NVIDIA K2 on VMware vSphere 6 crash
Today I was working for a customer that is having issues in their VDI environment. I thought, as twitter won’t let me write books larger then 140 characters, to make a post about it. So a short post about an issue that is bugging a customer and me. The issue revolves around NVIDIA and VMware so far.
The environment is a VMware vSphere 6 environment with a couple of hosts where some are designated for normal VDI work and some for advanced or even power VDI GPU users. The environment is a VMware Horizon 7 VDI desktop where several desktops are fitted with a NVIDIA K2 Q240 profile. The desktops are non-persistent and VMware UEM is used to manage the user.
Users are engineers designing so they need the power and the desktop.
The issue is that since a couple of weeks the users are experiencing disconnects and after that a inability to reconnect to the desktop.
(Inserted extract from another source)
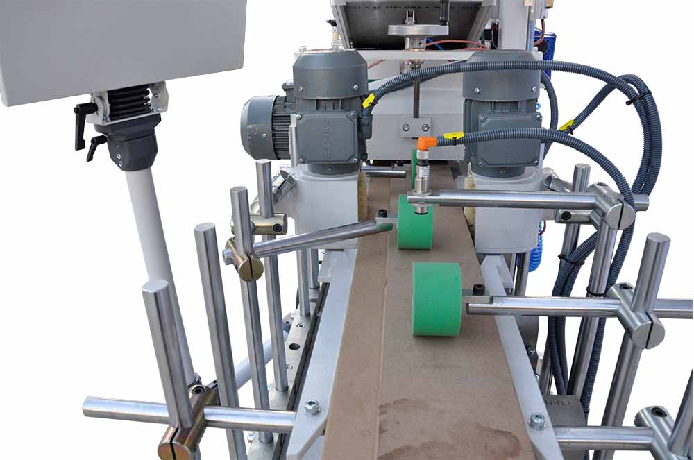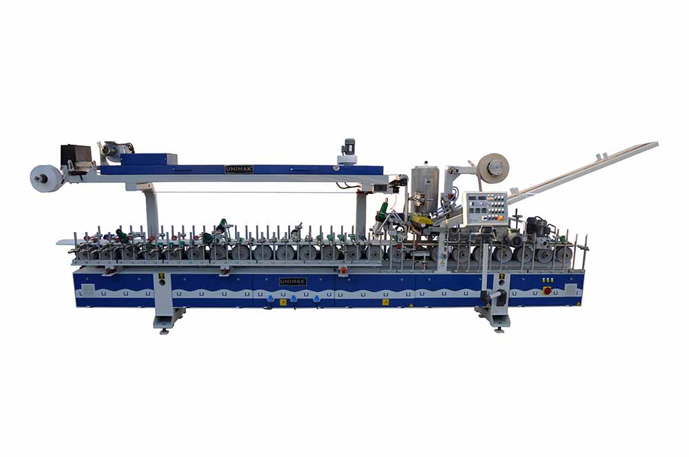 Profile wrapping machine wraps natural veneer, finish foil, P.P., PVC, CPL (micro laminate) foils (roll or papel) to wooden and MDF profiles, wall panels, frame and casing with EVA / PO Hotmelt and double component Solvent (PU) glue system on single body.
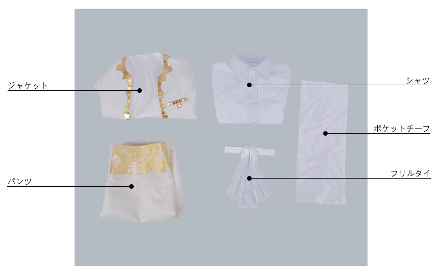 ジャケット、シャツ、パンツ、飾り物(フリルタイ、ポケットチーフ)

This disconnect is not a random something but happens to all virtual machines on the host. Some might say the host has lost connection but it hasn’t. Others might argue that it’s just a loss of network and you could reconnect when that is up again, but that’s also not true.
User can’t reconnect after that, so a whole host of VDI desktops is running fine but user are not able to connect. When I say the desktops are running fine I mean we can browse to the desktop, search files, execute remote command anything. What the desktop is lacking is video which has crashed somehow. We have a couple of hosts running and not all have a NVIDIA GPU for not all users are engineers. The host without the GPU is running fine, no crashes (fingers crossed) so far. Also when the issue occurs on the other host (never on all of them at once) the normal VDI host is doing just fine.
There are not much errors or info to play with, we found this one at the vCenter event tab.. first a lot of disconnected messages showing that something is disconnected from the machine, next a message that some plugin couldn’t be loaded. It refers to the NVIDIA K240Q
ssh’n into the host and running nvidia-smi, one is at 99%… the rest is doing nothing… seems not related to Nvidia looking at this screen.
Haven’t found one yet, in contact with NVIDIA (Thanks Rachel), VMware and a number of people in the community giving good thoughts. So far we know our drivers are not the latest, so we will update them asap but it seems that something else has to be the issue, can’t just be a driver that suddenly decides I’m done with it after functioning fine for months.
our drivers by the way are: 362.56_grid_win10_64bit_english for Windows 10 and the NVIDIA-vGPU-kepler-VMware_ESXi_6.0_Host_Driver_361.45.09-1OEM.600.0.0.2494585.vib for the host. The environment is not changing that rapidly, they are a solid customer with a small IT department that want a solid solution. This is our quest we are on, any thoughts bring them on.